Çorlu (/tr/) is a municipality and district of Tekirdağ Province, northwestern Turkey. Its area is 531 km^{2}, and its population is 306,939 (2025). It is a rapidly growing industrial center built on flatland located on the motorway Otoyol 3 and off the highway D.100 between Istanbul and Turkey's border with Greece and Bulgaria. The nearest airport is Tekirdağ Çorlu Atatürk Airport (TEQ).

==History==
Bronze Age relics have been found in various areas of Thrace including Çorlu and by 1000 BC, the area was a Phrygian-Greek colony. The area was subsequently controlled by the Greeks, Persians, Romans, and Byzantines.

During Roman and Byzantine times, the town was referred to as Tzouroulos, or Syrallo, and later became Tiroloi (Τυρολόη). The spelling Zorolus is used for the Latinised form of the name of the episcopal see identified with present-day Çorlu in the Catholic Church's list of titular sees. Some writers have identified the Roman town of Caenophrurium (the stronghold of the Caeni and the place where Emperor Aurelian was murdered in 275) with Çorlu, but this seems unlikely as the Antonine Itinerary lists Cenofrurium as two stages and 36 Roman miles (53 kilometre) closer to Byzantium than Tzirallum, and the Tabula Peutingeriana shows the locations separately. There were important Roman and Byzantine fortifications at Caenophrurium, which was a base for controlling large areas of Thrace.

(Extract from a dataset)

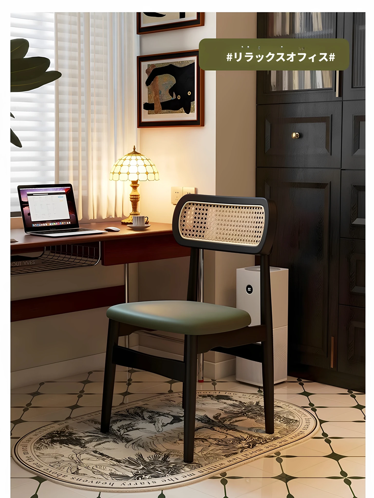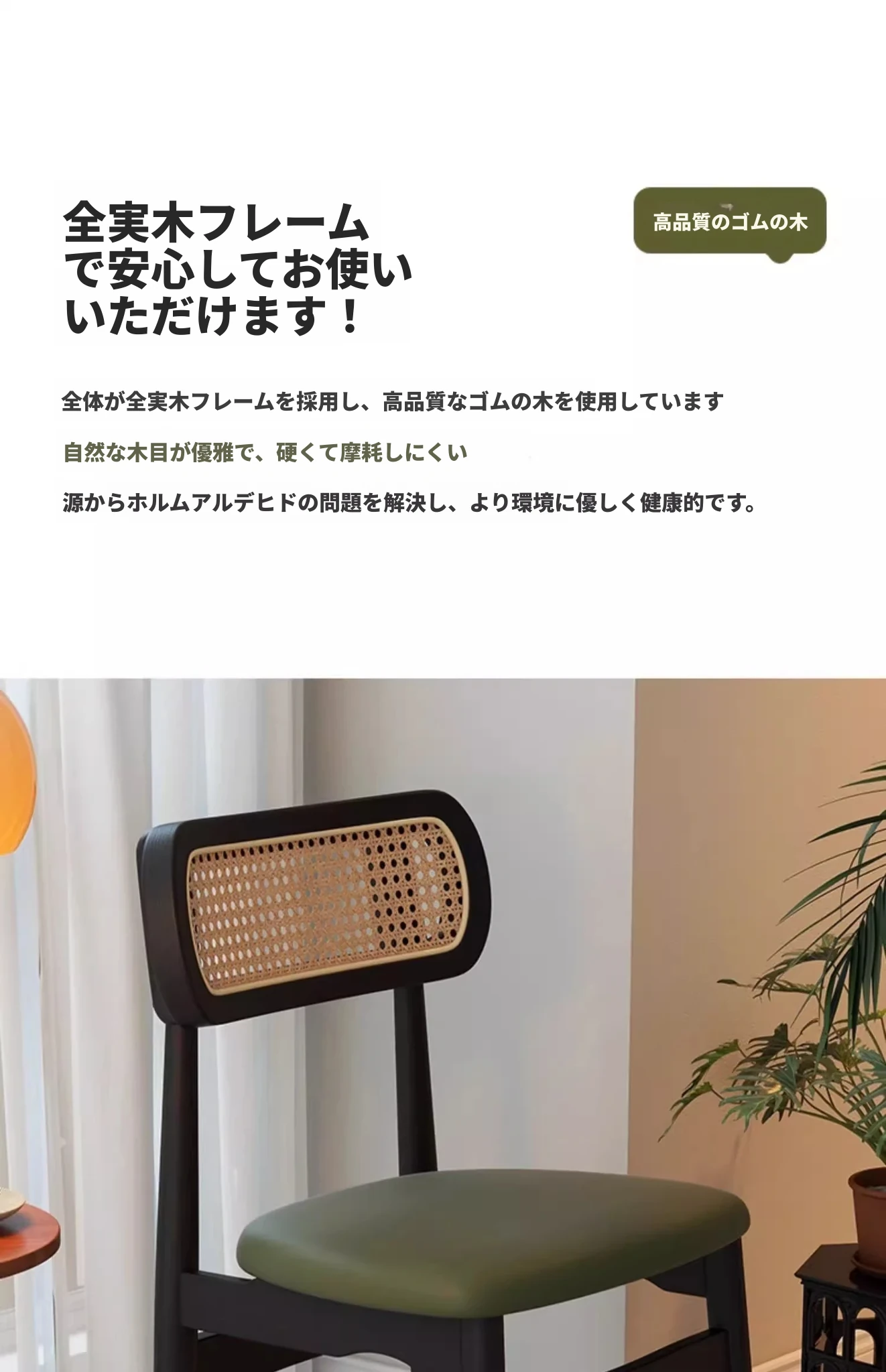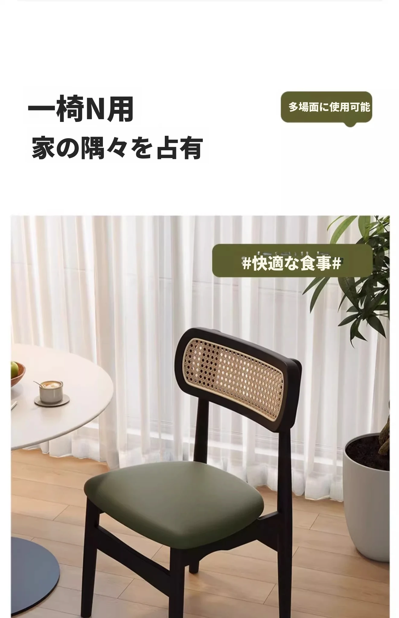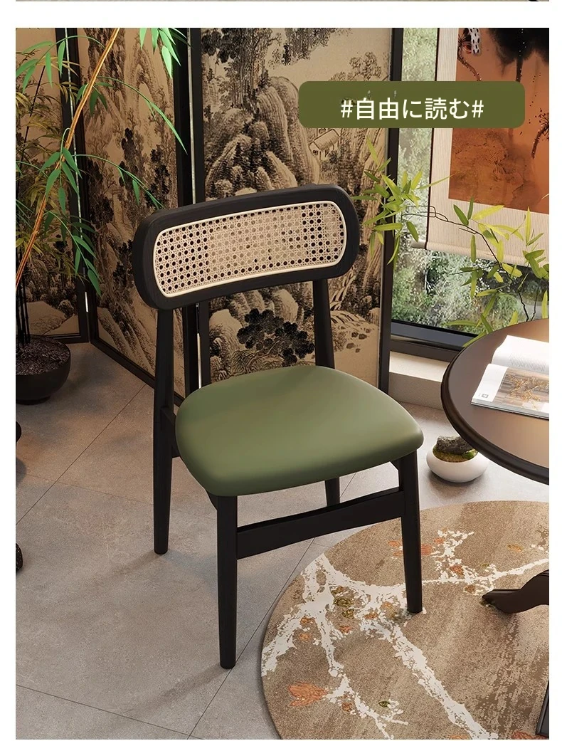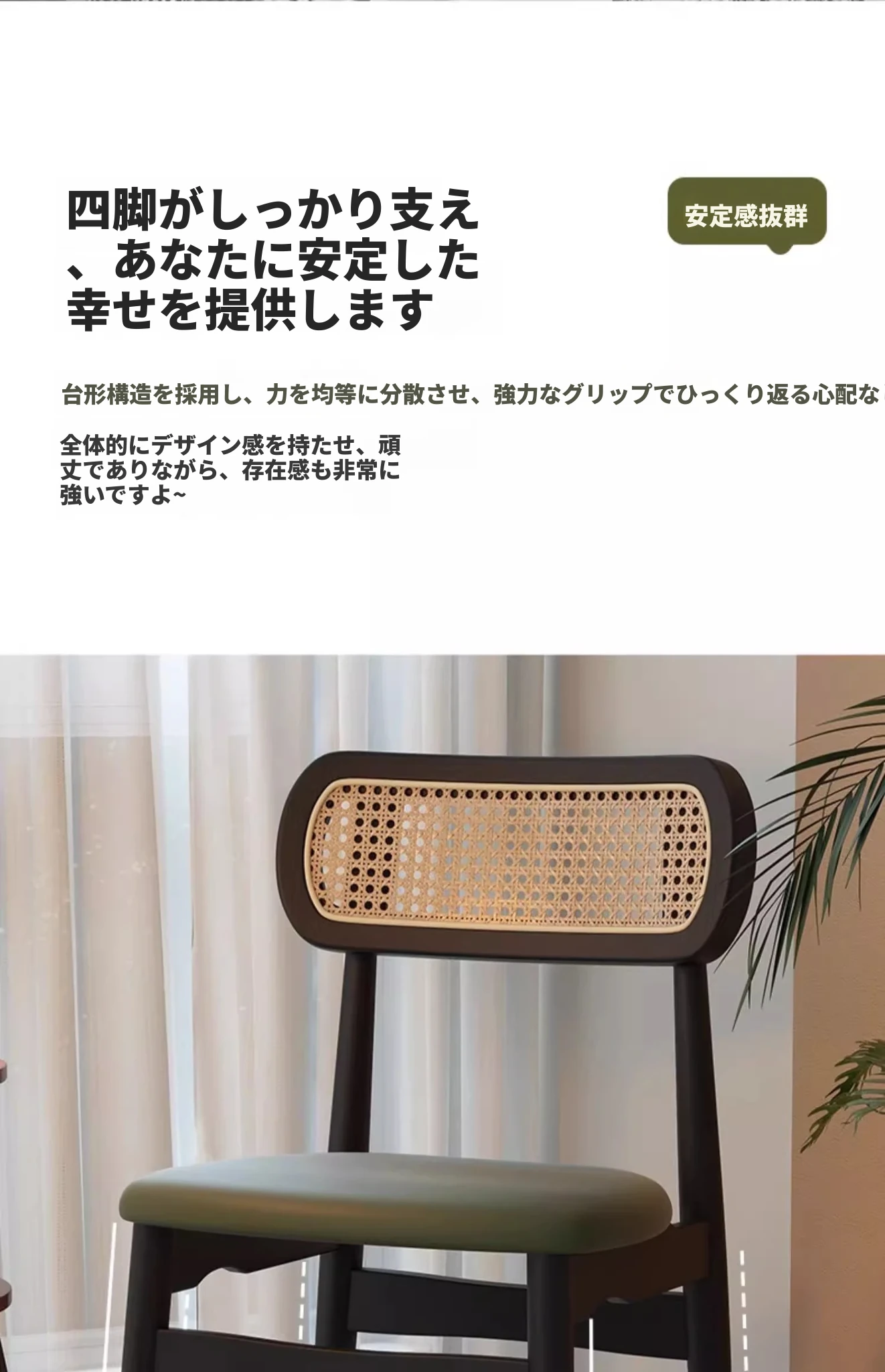高級感漂う実木製ダイニングテーブルセット|レトロな背もたれ付きフランス風ラタン編みダイニングチェア|リラックスできる家庭用チェア|グリーンアイデザインの特別な椅子で、食事の時間をより特別に!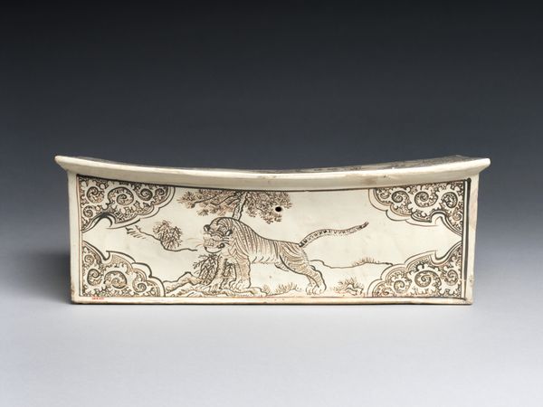 This small rectangular Plaque, made of bronze by an anonymous artist, presents a scene teeming with dynamic energy. A mythical creature, possibly a griffin, dominates the composition, its body intricately detailed with patterns suggesting both feathers and scales. The artist's use of relief creates a strong sense of depth within the limited space. Notice how the forms project outwards, catching light and shadow to articulate the complex textures and shapes. The griffin's pose, with its head turned back, imbues it with tension, as if caught mid-motion. This twisting of the body adds dynamism to the static medium of bronze. The plaque's composition can be viewed through a semiotic lens, where the griffin may symbolize power or protection. Its depiction within a defined border suggests control, while the highly stylized features reflect cultural codes and artistic conventions. The contrast between the creature's wildness and the plaque's structured form creates a compelling visual tension. This interplay destabilizes a fixed interpretation, inviting continuous speculation and dialogue.

=== Ottoman era onwards ===
Following a tumultuous early history, Çorlu was brought under Ottoman control by Sultan Murad I, who immediately ordered the destruction of the Roman walls as part of a policy of opening up the town under the Pax Ottomana. In the Ottoman period, the town remained an important staging post on the road from Constantinople to Greece.

The nearby village of Uğraşdere was the site of the battle in which Sultan Beyazid II defeated his son Selim I in August 1511; a year later Beyazid II was defeated by Selim, becoming the first Ottoman father to be overthrown by his son. Beyazid II died in Çorlu on his way to exile in Dimetoka. Coincidentally, Selim himself died in Çorlu nine years into his reign. Both father and son are buried in Istanbul.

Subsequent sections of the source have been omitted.